Nei messaggi di condoglianze gli aggettivi rituali si sprecano, ma ben pochi s'interrogano sul valore e la pregnanza di un papato che ha indicato l'insostenibilità dell'attuale modello di sviluppo, evidenziandone – in occasione dell'Esortazione Apostolica “Laudate Deum” del 4 ottobre 2023 – il carattere di peccato strutturale.
In quella circostanza mi chiesi quale fosse il valore di una “Esortazione” rispetto ad una “Enciclica” o di una “Lettera” e la spiegazione la trovai proprio nelle prime righe dell'“Esortazione” stessa:
«Sono passati ormai otto anni dalla pubblicazione della Lettera enciclica Laudato si’, quando ho voluto condividere con tutti voi, sorelle e fratelli del nostro pianeta sofferente, le mie accorate preoccupazioni per la cura della nostra casa comune. Ma, con il passare del tempo, mi rendo conto che non reagiamo abbastanza, poiché il mondo che ci accoglie si sta sgretolando e forse si sta avvicinando a un punto di rottura. Al di là di questa possibilità, non c’è dubbio che l’impatto del cambiamento climatico danneggerà sempre più la vita di molte persone e famiglie. Ne sentiremo gli effetti in termini di salute, lavoro, accesso alle risorse, abitazioni, migrazioni forzate e in altri ambiti» (Esortazione Apostolica Laudate Deum, articolo 2).

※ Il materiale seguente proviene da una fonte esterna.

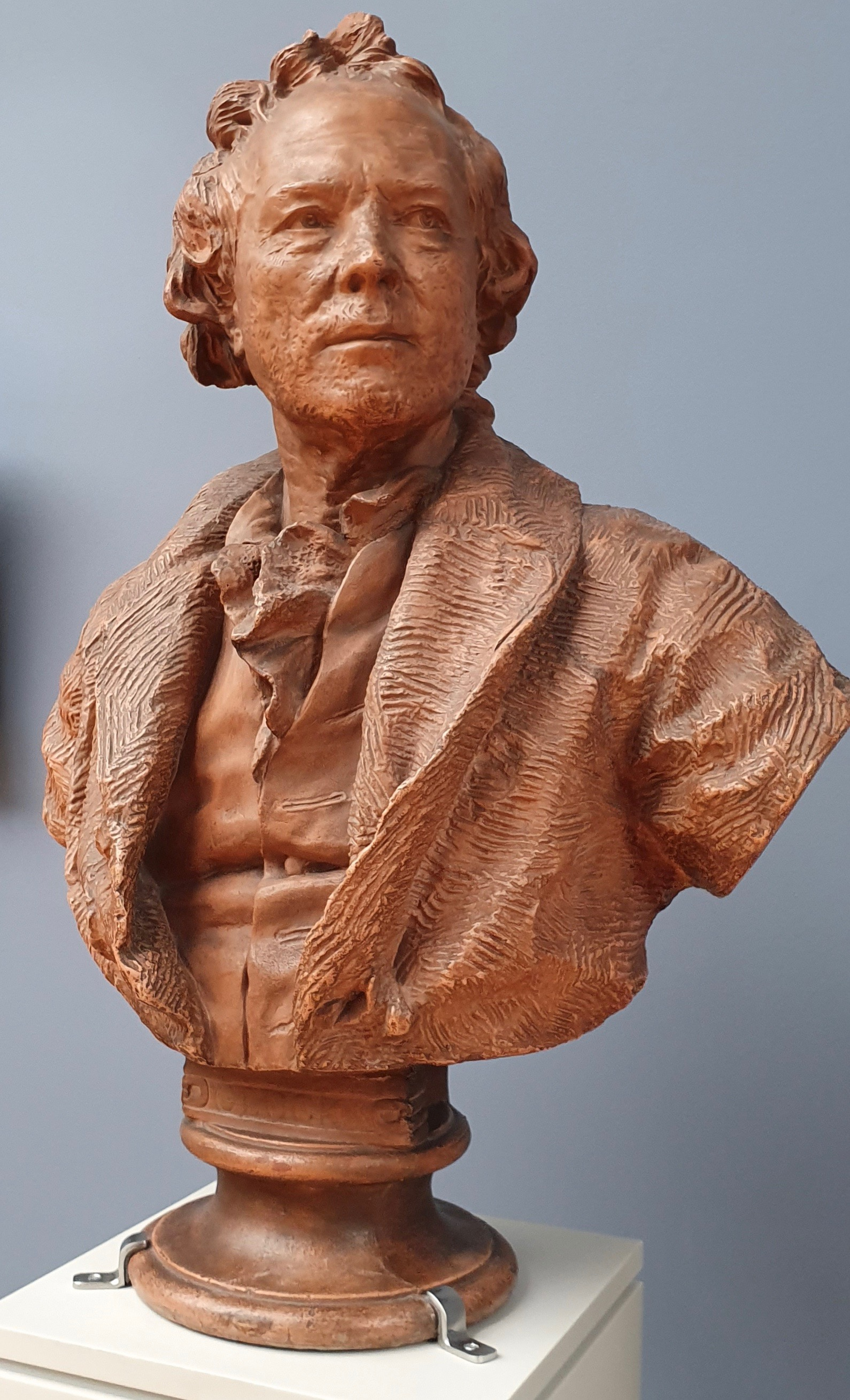 Christoph Willibard Gluck by Jean-Antoine Houdon at Bode Museum

In altre parole, dopo otto anni nei quali la “Laudato sì”, malgrado la sua risonanza globale, non aveva modificato sufficientemente il nostro impegno nella cura del pianeta, serviva uno scossone, un'esortazione insomma, affinché tutte le persone di buona volontà, a prescindere dal loro credo religioso, reagissero adeguatamente ai pericoli che il genere umano stava creando con le proprie mani.
In queste ore seguite alla scomparsa di Francesco, rileggere quel documento diviene un atto di riconoscimento e insieme di assunzione di responsabilità. Nei settantatré articoli dell'Esortazione emerge infatti non solo il richiamo ai temi della crisi climatica globale e della velocità inedita con cui sta avvenendo, al pericolo del paradigma tecnocratico che sta alla base di un essere umano senza limiti, all'inadeguatezza della politica e delle istituzioni internazionali e dell'urgenza di un multilateralismo dal basso, all'ipocrisia delle politiche di adattamento e della logica di rattoppare senza mettere mano alle ragioni strutturali all'origine delle crisi. Papa Francesco, nell'indicare una zona di contatto che altro non è se non la presa di coscienza della natura complessa che governa la vita nella Terra Madre, pone il mondo cattolico di fronte all'inderogabile necessità di rispettare le leggi della natura e dei delicati equilibri tra gli esseri di questo mondo con queste parole:
«La visione giudaico-cristiana del mondo sostiene il valore peculiare e centrale dell'essere umano in mezzo al meraviglioso concerto di tutti gli esseri, ma oggi siamo costretti a riconoscere che è possibile sostenere solo un “antropocentrismo situato”. Vale a dire, riconoscere che la vita umana è incomprensibile e insostenibile senza le altre creature...» (articolo 67). Ammonendo infine che «... non ci sono cambiamenti duraturi senza cambiamenti culturali, senza una maturazione del modo di vivere e delle convinzioni sociali, e non ci sono cambiamenti culturali senza cambiamenti nelle persone» (articolo 70).
Un'esortazione che richiede un passaggio, un rinnovamento profondo rispetto al tempo precedente, una resurrezione interiore, che poi altro non è che il significato universale, per credenti e non credenti, della Pasqua. Una buona ragione per la riproposizione dell'Esortazione Apostolica “Laudate Deum”. (m.n.)